▶ **Aim of the task**:
Verbatim copy, images removed: write out the entries below.

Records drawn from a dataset

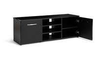Habitat Hayward 2 Door Small TV Unit - Black Gloss Description Part of the Hayward collection. ------Made from foil faced chipboard with a gloss finish. ------Size H 43.1, W 120, D 38.9cm. ------Weight 28kg. ------4 shelves. ------2 doors. ------Chrome finish handles. ------1 media storage section. ------Largest height of media equipment sections 11.5cm. ------Easy cable access. ------Suitable for screen sizes up to 50in. ------Maximum weight of TV 30kg. ------Self-assembly - 2 people recommended. Package Dimensions: ------Package 1 dimensions: H125.2, W42.4, D6cm. ------Package 1 weight: 16kg. ------Package 2 dimensions: H121.2, W40.3, D4.5cm. ------Package 2 weight: 11kg.
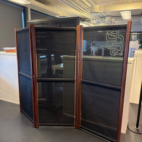 Høyde uten føtter = 136 cm. Total høyde ca 140 cm. Bredde pr. vegg = 84 cm. Begge vegger = 168 cm. Total ytre bredde m/føtter = 179 cm. Ok stand. Trenger en vask og evt. et strøk maling. Justerbare ben. Prisen er samlet for begge.
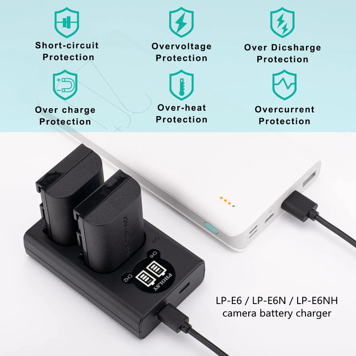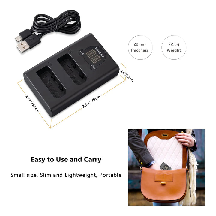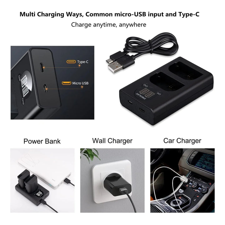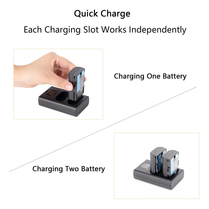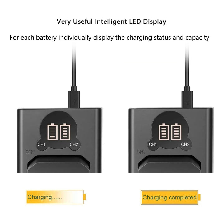 ¿Cansado de cargadores lentos que no muestran cuánto falta para que tu batería esté lista? Nuestro cargador cuenta con una pantalla LED clara que te indica exactamente cuánto ha avanzado la carga, eliminando las adivinanzas. Además, su capacidad para cargar dos baterías simultáneamente significa que siempre tendrás una lista para usar, sin importar cuán intensa sea tu sesión de fotos.
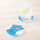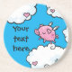 A customisable coaster template featuring a digital cartoon pink pig with little white wings, dances on clouds embellished with hearts up in the bright blue sky.
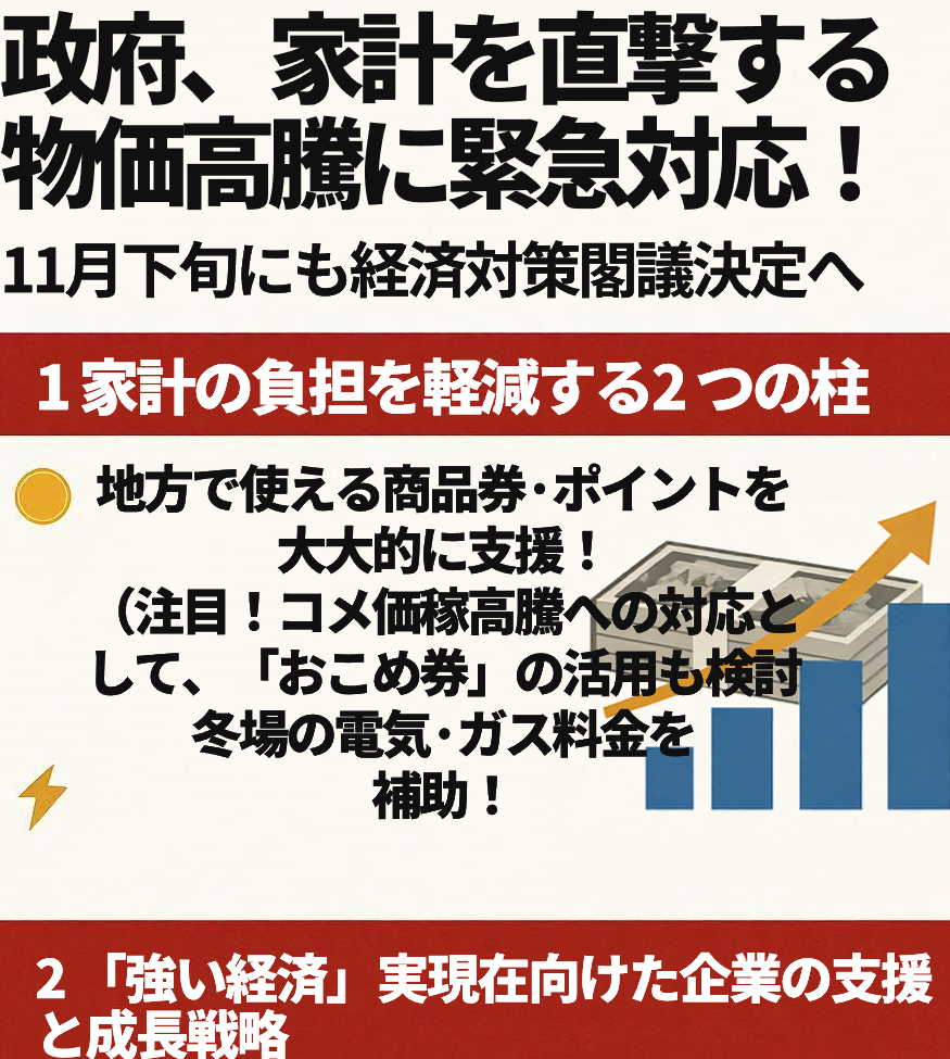 • 【注目!】 コメ価格高騰への対応として、「おこめ券」の活用も検討されており、食料品価格高騰の家計負担を和らげる狙いです。
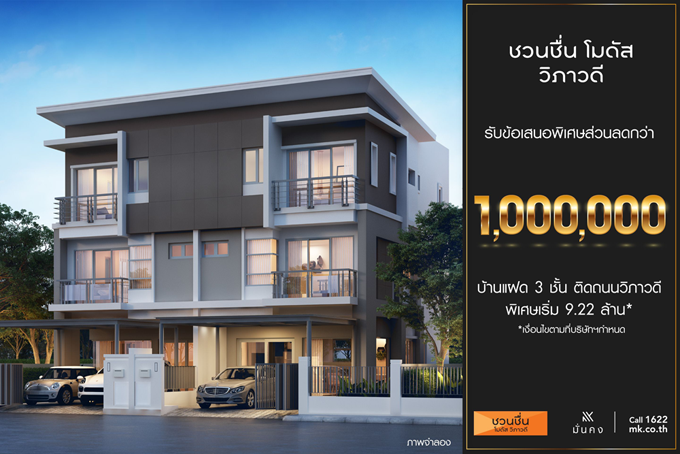 โปรโมชั่น : บ้านแฝด 3 ชั้น ติดถนนวิภาวดี รับข้อเสนอพิเศษส่วนลดกว่า 1,000,000 บาท เริ่ม 9.22 ล้าน

▶ **Response to the exercise**:
Habitat Hayward 2 Door Small TV Unit - Black Gloss Description Part of the Hayward collection. ------Made from foil faced chipboard with a gloss finish. ------Size H 43.1, W 120, D 38.9cm. ------Weight 28kg. ------4 shelves. ------2 doors. ------Chrome finish handles. ------1 media storage section. ------Largest height of media equipment sections 11.5cm. ------Easy cable access. ------Suitable for screen sizes up to 50in. ------Maximum weight of TV 30kg. ------Self-assembly - 2 people recommended. Package Dimensions: ------Package 1 dimensions: H125.2, W42.4, D6cm. ------Package 1 weight: 16kg. ------Package 2 dimensions: H121.2, W40.3, D4.5cm. ------Package 2 weight: 11kg.
 Høyde uten føtter = 136 cm. Total høyde ca 140 cm. Bredde pr. vegg = 84 cm. Begge vegger = 168 cm. Total ytre bredde m/føtter = 179 cm. Ok stand. Trenger en vask og evt. et strøk maling. Justerbare ben. Prisen er samlet for begge.
 ¿Cansado de cargadores lentos que no muestran cuánto falta para que tu batería esté lista? Nuestro cargador cuenta con una pantalla LED clara que te indica exactamente cuánto ha avanzado la carga, eliminando las adivinanzas. Además, su capacidad para cargar dos baterías simultáneamente significa que siempre tendrás una lista para usar, sin importar cuán intensa sea tu sesión de fotos.
 A customisable coaster template featuring a digital cartoon pink pig with little white wings, dances on clouds embellished with hearts up in the bright blue sky.
 • 【注目!】 コメ価格高騰への対応として、「おこめ券」の活用も検討されており、食料品価格高騰の家計負担を和らげる狙いです。
 โปรโมชั่น : บ้านแฝด 3 ชั้น ติดถนนวิภาวดี รับข้อเสนอพิเศษส่วนลดกว่า 1,000,000 บาท เริ่ม 9.22 ล้าน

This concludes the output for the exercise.